Dotfiles are userspace shell configuration in files that are often prefixed with “dot” (e.g. ~/.bashrc for Bash)

Venv

Venv is a tool for making working with Virtualenv, Virtualenvwrapper, Bash, ZSH, Vim, and IPython within a project context very easy.

Venv defines standard Filesystem Hierarchy Standard and Python paths, environment variables, and aliases for routinizing workflow.

Venv paths and cdaliases

var name

description

cdaliases

Bash: cdhelp

IPython: %cdhelp

Vim: :Cdhelp

example path

HOME

user home directory

Bash/ZSH: cdh, cdhome

IPython: %cdh, %cdhome

Vim: :Cdh, :Cdhome

~/

__WRK

workspace root

cdwrk (ibid.)

~/-wrk

WORKON_HOME

virtualenvs root

cdwh, cdworkonhome, cdve

~/-wrk/-ve27

CONDA_ENVS_PATH

condaenvs root

cdch, cdcondahome

~/-wrk/-ce27

VIRTUAL_ENV

virtualenv root

cdv, cdvirtualenv

~/-wrk/-ve27/dotfiles

_BIN

virtualenv executables

cdb, cdbin

~/-wrk/-ve27/dotfiles/bin

_ETC

virtualenv configuration

cd, cdetc

~/-wrk/-ve27/dotfiles/etc

_LIB

virtualenv lib directory

cdl, cdlib

~/-wrk/-ve27/dotfiles/lib

_LOG

virtualenv log directory

cdlog

~/-wrk/-ve27/dotfiles/var/log

_SRC

virtualenv source repositories

cds, cdsrc

~/-wrk/-ve27/dotfiles/src

_WRD

virtualenv working directory

cdw, cdwrd

~/-wrk/-ve27/dotfiles/src/dotfiles

To generate this venv config:

python -m dotfiles.venv.ipython_config --print-bash dotfiles
venv.py --print-bash dotfiles
venv --print-bash dotfiles docs
venv --print-bash dotfiles ~/path
venv --print-bash ~/-wrk/-ve27/dotfiles ~/path

To generate a default venv config with a prefix of /:

venv --print-bash --prefix=/

To launch an interactive shell within a venv:

venv --run-bash dotfiles
venv -xb dotfiles

Note

pyvenv is the Virtualenv -like functionality now included in Python >= 3.3 (python3 -m venv)

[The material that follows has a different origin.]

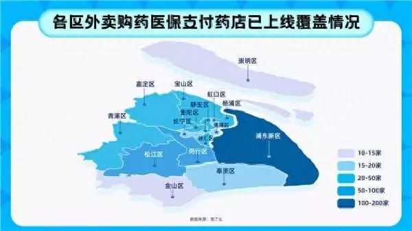 记者了解到,在支持医保支付外卖购药商家快速增长的背景下,饿了么平台宝山区、徐汇区、普陀区、杨浦区、虹口区、长宁区、闵行区、静安区、黄浦区、浦东新区以及嘉定区已基本实现区域内市民需求全覆盖:通过外卖平台,市民可以方便找到身边数家可支持医保支付的药房。

Python pyvenv docs: https://docs.python.org/3/library/venv.html

Virtualenv

Virtualenv is a tool for creating reproducible Python environments.

Virtualenv sets the shell environment variable $VIRTUAL_ENV when active.

Virtualenv installs a copy of Python, Setuptools, and Pip when a new virtualenv is created.

A virtualenv is activated by source-ing ${VIRTUAL_ENV}/bin/activate.

Paths within a virtualenv are more-or-less FHS standard paths, which makes virtualenv structure very useful for building chroot and container overlays.

A standard virtual environment:

bin/           # pip, easy_install, console_scripts
bin/activate   # source bin/activate to work on a virtualenv
include/       # (symlinks to) dev headers (python-dev/python-devel)
lib/           # libraries
lib/python2.7/distutils/
lib/python2.7/site-packages/  # pip and easy_installed packages
local/         # symlinks to bin, include, and lib
src/           # editable requirements (source repositories)

# also useful
etc/           # configuration
var/log        # logs
var/run        # sockets, PID files
tmp/           # mkstemp temporary files with permission bits
srv/           # local data

Virtualenvwrapper wraps virtualenv.

echo $PATH; echo $VIRTUAL_ENV
python -m site; pip list

virtualenv example               # mkvirtualenv example
source ./example/bin/activate    # workon example

echo $PATH; echo $VIRTUAL_ENV
python -m site; pip list

ls -altr $VIRTUAL_ENV/lib/python*/site-packages/**  # lssitepackages -altr

Note

Venv extends Virtualenv and Virtualenvwrapper.

Note

Python 3.3+ now also contain a script called venv, which performs the same functions and works similarly to virtualenv: https://docs.python.org/3/library/venv.html.

Virtualenvwrapper

Virtualenvwrapper is a tool which extends virtualenvwrapper.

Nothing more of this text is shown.